Allergies: Gluten*, Dairy*

Fresh Pork Coppa
The coppa is the neck muscle of the pig, it is similar to a pork loin but slightly less tender and significantly more flavorful. We're portioning this as an 8 oz chop. The coppa is seared on both sides, basted with butter and then cooked in the oven. It is served with a hazelnut puree (hazelnuts, and water), beluga lentils (mirepoix, lentils, olive oil, stock), grilled radicchio (lemon juice and olive oil), roasted grapes in a pork jus (super reduced pork stock), pickled husk cherries, and a hazelnut crumble.
Allergies: Dairy* Nuts*

Pan Roasted Quail
The quail is brined, and then pan roasted, basted with butter, garlic, and thyme. It is served with a semolina porridge (semolina flour that has been flicked with water to form little balls, it is then dried overnight and cooked to order in chicken stock, with toasted sunflower seeds. essentially a semolina polenta).

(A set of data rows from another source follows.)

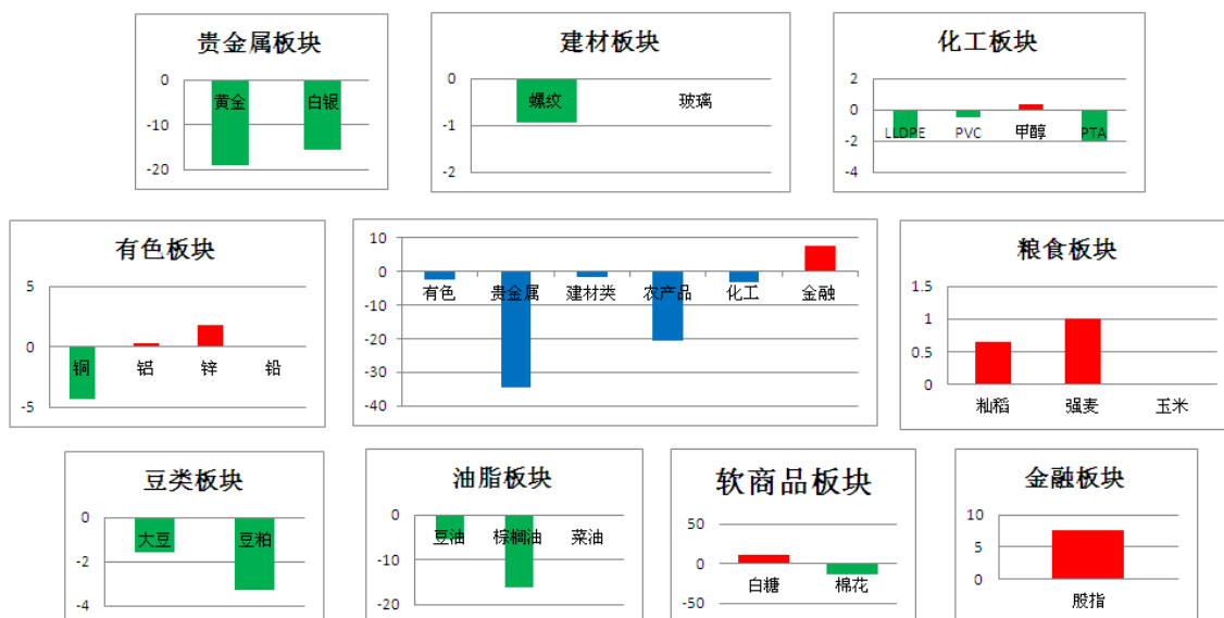
板块资金流向(单位:亿元)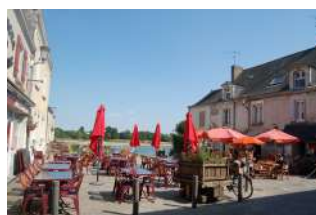
Port de la Pointe Bouchemaine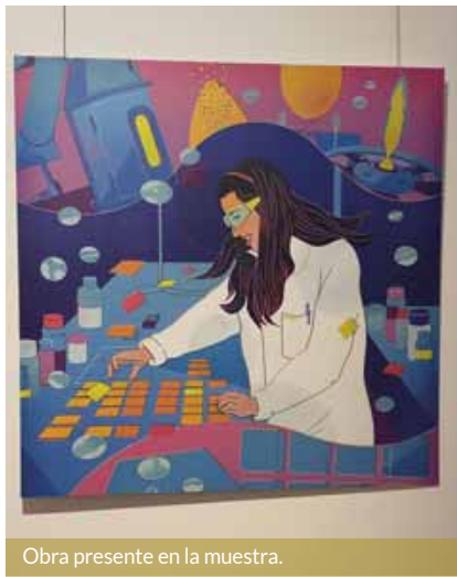
Obra presente en la muestra.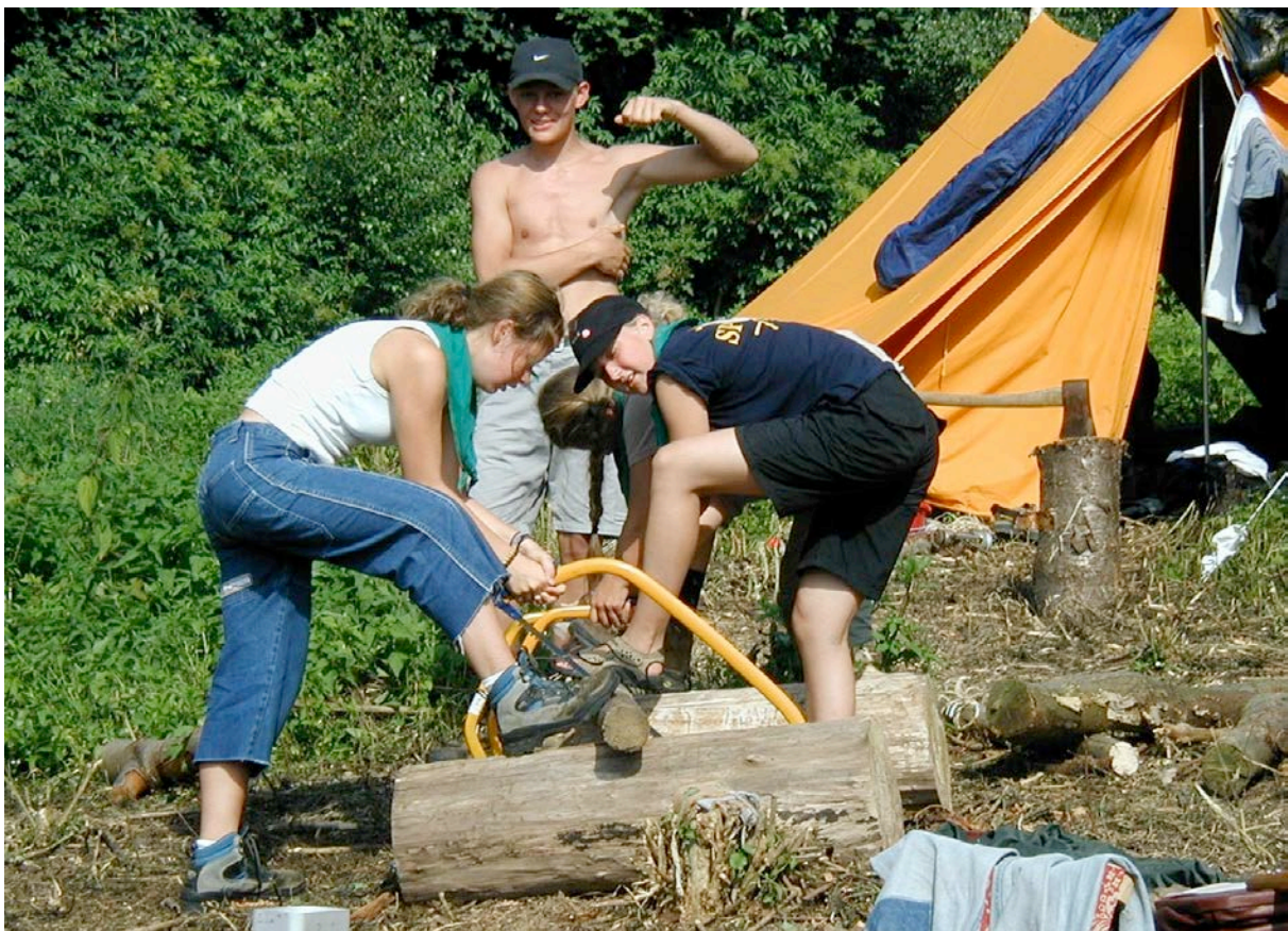
Brændesavning på samleband.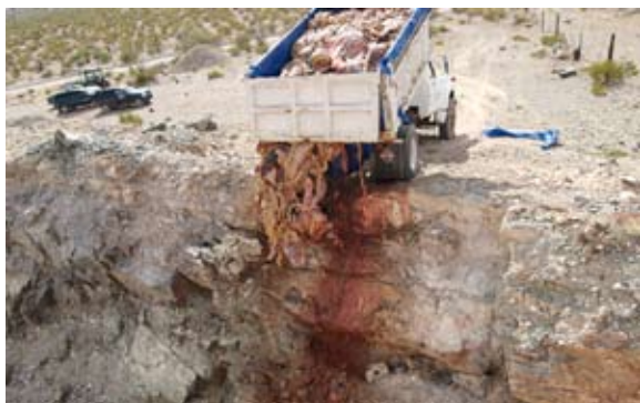
Seis metros cúbicos de materia orgánica (Homenaje) , 2009. Enrique Ježik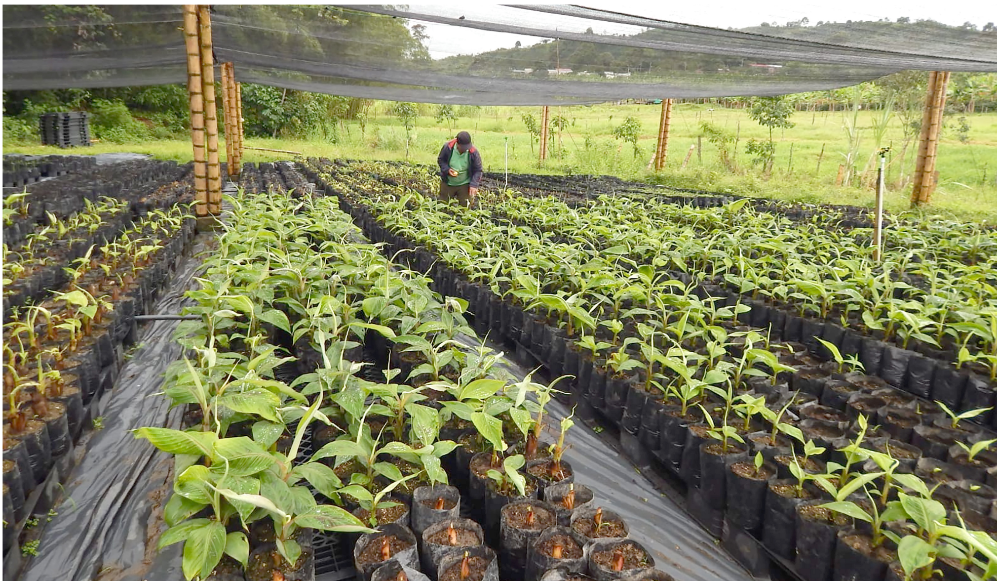
El Huila le apuesta al plátano como industria.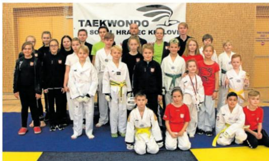
ÚSPĚŠNÍ TAEKWONDISTÉ TJ Sokol Hradec Králové dosáhli dobrých výsledků.

S průběhem jsem byl maximálně spokojen. Organizace byla super, za to patří velký dík rodičům dětí, kteří nám pomáhají. Také naši trenéři byli bezkonkurenční. Ale na druhou stranu, co si neuděláme sami, to nemáme. Účast byla po několika letech slabší. Náš podnik patří dlouhodobě mezi nejlepší turnaje v České republice. Jsme zařazení do TEM (Taekwondo extraliga mládeže) a NTLM (Národní taekwondo liga mládeže), což je seriál několika českých turnajů, kde sportovci sbírají za svá umístění body a na konci roku je vždy vyhlášen celko-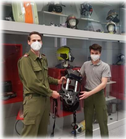
Übergabe neue Atenschutz Dräger PSS 5000

Feuerlöscher müssen alle zwei Jahre überprüft werden und nach max. 25 Jahren ausgeschieden und somit neu angeschafft werden.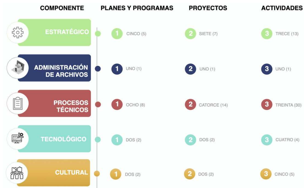
Ilustración 2. Ficha descripción de los proyectos por componente

El Plan Institucional de Archivos (PINAR) contiene cinco (5) componentes, dieciocho (18) planes y programas, veintiséis (26) proyectos y cuarenta y tres (43) actividades, las cuales se desarrollarán a corto, mediano y largo plazo: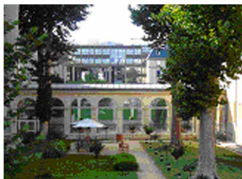
4. Le jardin en contre bas du parvis.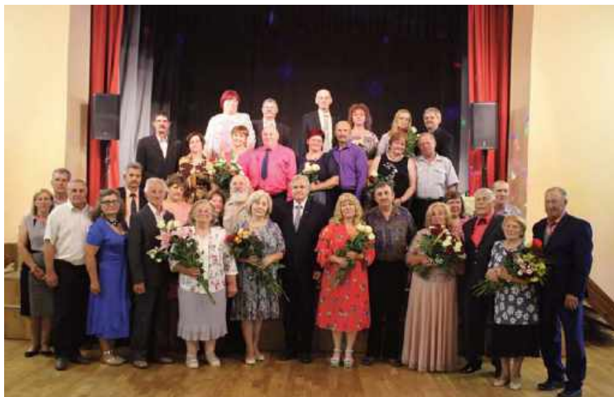
Novada svētkos sveica tos pārus, kas laulībā nodzīvojuši divdesmit piecus un vairāk gadu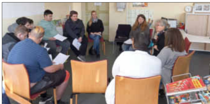
(Text und Foto: Jakob-Weber-Schule)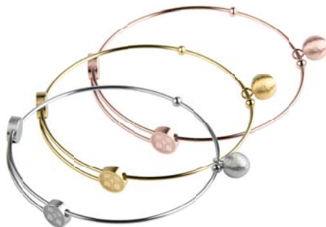
A209 A210 A211 49,00 € 59,00 € 59,00 €

matt/poliert/graviert/gekratzt, Gelb- oder Roségold beschichtet, Ø ca 58 mm / groß ca. 62 mm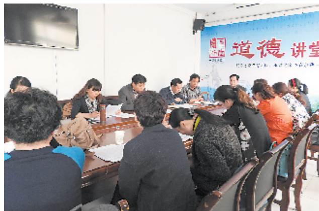
安阳县农合办邀请市级定点医疗机构有关人员召开新农合基金运行分析暨总额预付座谈会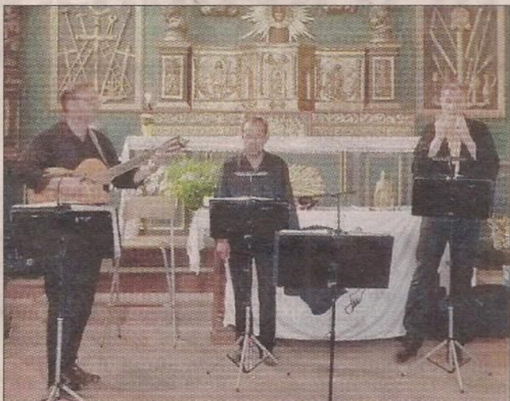
VOYAGE MUSICAL. Polyphonies et instruments traditionnels.

Voguant sur les chants polyphoniques corses et les instruments traditionnels comme la guitare, la mandoline, le charango, le cetera, mais aussi le violon et les percussions, les chanteurs et musiciens d'Avà Corsica, qui signifie « Ici et maintenant », ont proposé une croisière musicale en Méditerranée.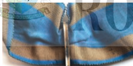
Ordinul „Coroana României” în gradul de Comandor (avers și revers).

„Decorația acestui Ordin este o cruce cu ramuri egale; fiecare ramură e de smalt roșu, având împrejur o dungă albă; între ramuri e cifra regelui. În mijlocul crucii e un medalion cu două fețe: partea de deasupra conține Coroana Regală de oțel, pe smalt roșu; împrejur, pe un cerc de smalt alb, e scris, în partea superioară: PRIN NOI ÎNȘINE, și, în partea inferioară, 14 MARTIE 1881. Reversul medalionului poartă scris la mijloc, pe smalt roșu: 10 MAIU; și împrejur, pe un cerc alb: 1866, 1877,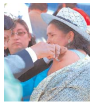
CAMPAÑA ARRANCÓ A ORI-LLAS DEL LAGO TITICACA.

El Ministerio de Salud inició ayer la campaña de vacunación contra la gripe A y otras epidemias en el municipio de Copacabana, la misma que será reforzada a través de 600 brigadas móviles de apoyo. Este movimiento de salud se desarrollará en La Paz, El Alto y áreas rurales. Entre las zonas prioritarias están los municipios con bajas coberturas o de alto riesgo, como las fronteras con la República del Perú y poblaciones de difícil acceso.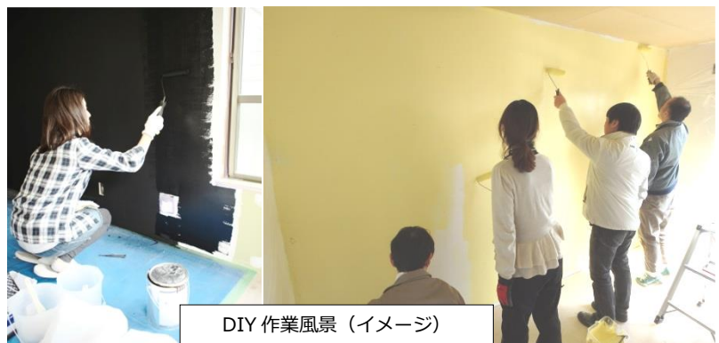
DIY作業風景（イメージ）

そこで、居住者の多様なニーズに対応することで新規入居者の促進を図るとともに、既存入居者の長期入居を見込み、入居者が自由に模様替えできる「団地カスタマイズ」を導入することといたしました。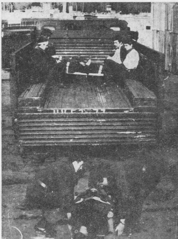
4. sz. kép

A 4. sz. kép érzékelteti a hordágy földről való felemelésének módját a gépjármű rakfelületére.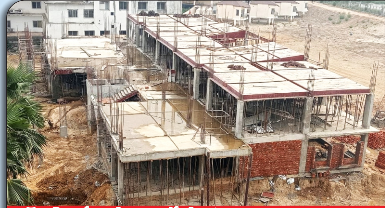
02 निर्माणाधीन फार्मसी संकाय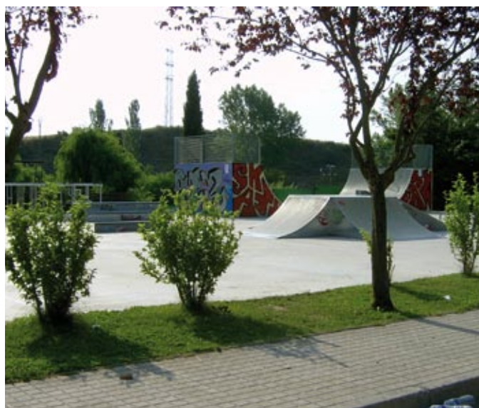
Pista de patines

Con un incremento importante de las inversiones en política deportiva en los presupuestos municipales, las nuevas instalaciones van a constituir un aporte de calidad, más allá de lo estrictamente deportivo, como ya vimos durante el FOJE con las visitas a la nueva pista de hielo. Esto nos llevará a aumentar el atractivo que tiene nuestra ciudad en el exterior.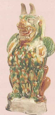
唐三彩鎮墓獸 (学習院大学史料館蔵)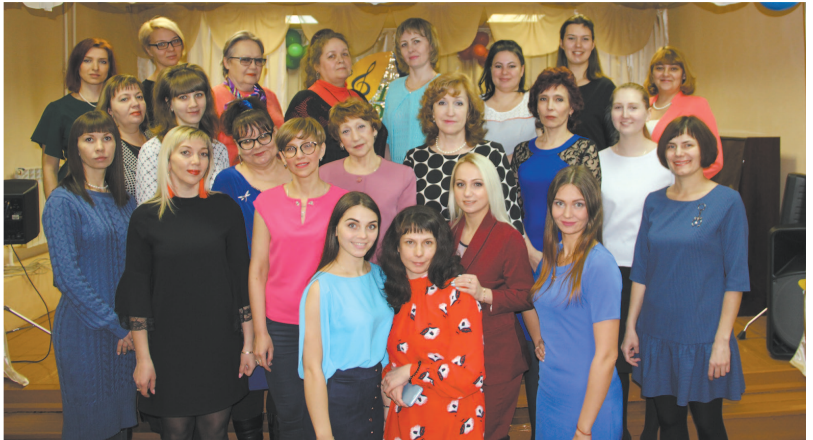
Коллектив Детской школы искусств более полувека приобщает устькутян к прекрасному. Преподаватели ДШИ постоянно совершенствуются, овладевают новыми технологиями.

Дистанционный режим обучения ещё раз подтвердил, что при овладении исполнительскими или художественно-практическими навыками очень важно, когда преподаватели «вживую» показывают приёмы игры на музыкальном инструменте, а также техники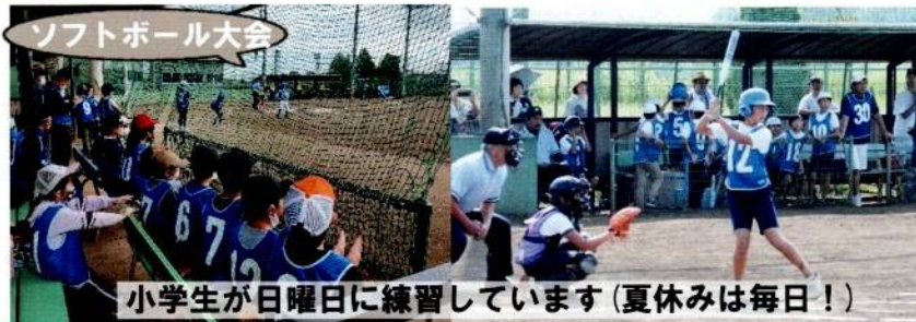
小学生が日曜日に練習しています(夏休みは毎日!)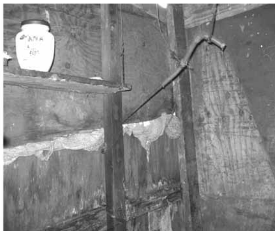
Figura 4 – Barraco de 2008 - banheiro

Mas apesar de toda precariedade, o Sr. Lorival trabalha com carteira assinada, todos os filhos estudam e participam de programas da Prefeitura nos contra turnos da escola. Isso também foi analisado pela preocupação da mudança do “status quo” da família após a entrega da casa, que geram maiores despesas de energia elétrica e água do que a situação em que viviam anteriormente.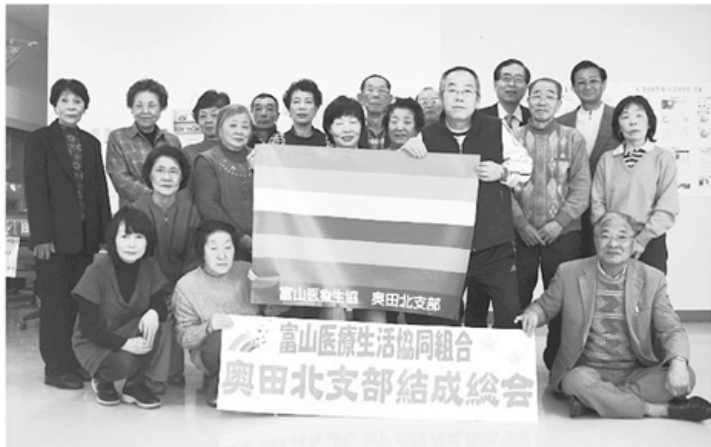
▲▼支部結成総会を終えて、参加者で記念写真

三月二十八日(日) 午前十時から「ひまわり地域交流室・ララ」で、記念となる第二十回奥田支部総代会が開催されました。医療生協で組合員千八百名を超す最大支部が、十九年間の活動を経て発展的に分割し、新しく「奥田支部」「奥田北支部」を結成しました。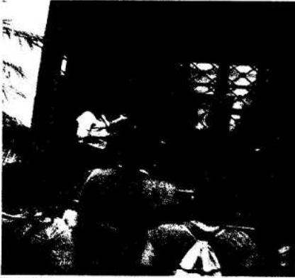
Estudiantes de la universidad De San Carlos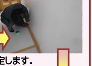
床に養生紙を敷いて、その上に緩衝材、更にその上に養生板を敷いて養生テープでしっかり固定します。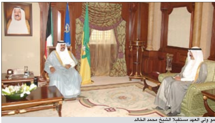
سمو ولي العهد مستقبلا الشيخ محمد الخالد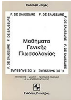
Μαθήματα γενικής γλωσσολογίας, 1916 F. de Saussure

Also on the plate is seared cabbage, roasted cippolini onions, and a sauce made from vin santo, chicken stock, orange segments, preserved orange, and black pepper.
Allergies: Gluten*, Dairy*

Roasted Fingerling Sweet Potatoes
Fingerling sweet potatoes are cooked in water with lemon and olive oil, then to order they are charred in the pizza oven, finished with greek yogurt (yogurt, water, salt, lime zest), za'atar (a middle eastern spice blend), maldon salt, and pomegranate molasses.
Allergies: Dairy*

Tuscan Kale
The kale is blanched in salted water, then sauteed with garlic, chili flake, walnuts, white wine, and stock. Garnished with ricotta salata.
Allergies: Dairy* Nuts*

Funghi Pizza
The pizza has a prosciutto cream base (prosciutto cooked in milk and blended with sour cream), roasted hen of the woods and oyster mushrooms, fontina cheese, and roasted garlic, finished with a sunny side up egg, oregano, parmesan, salt and oil.



Mortadella
Produced by Fra'Mani in Berkeley California, this is a very classic Bolognian style mortadella. Meat from the leg and belly are ground with warming spices, then paddled with black peppercorns and fat from the jowl of the pig. The meat is then stuffed into a casing, and lightly smoked.

Finnochiona
Produced by Olympia Provisions in Portland Oregon, this is a classic tuscan style dry cured salumi made with pork leg meat and back fat, seasoned with salt, pepper, garlic, and fennel seed, stuffed into an all natural casing and hung to cure for about 8 weeks.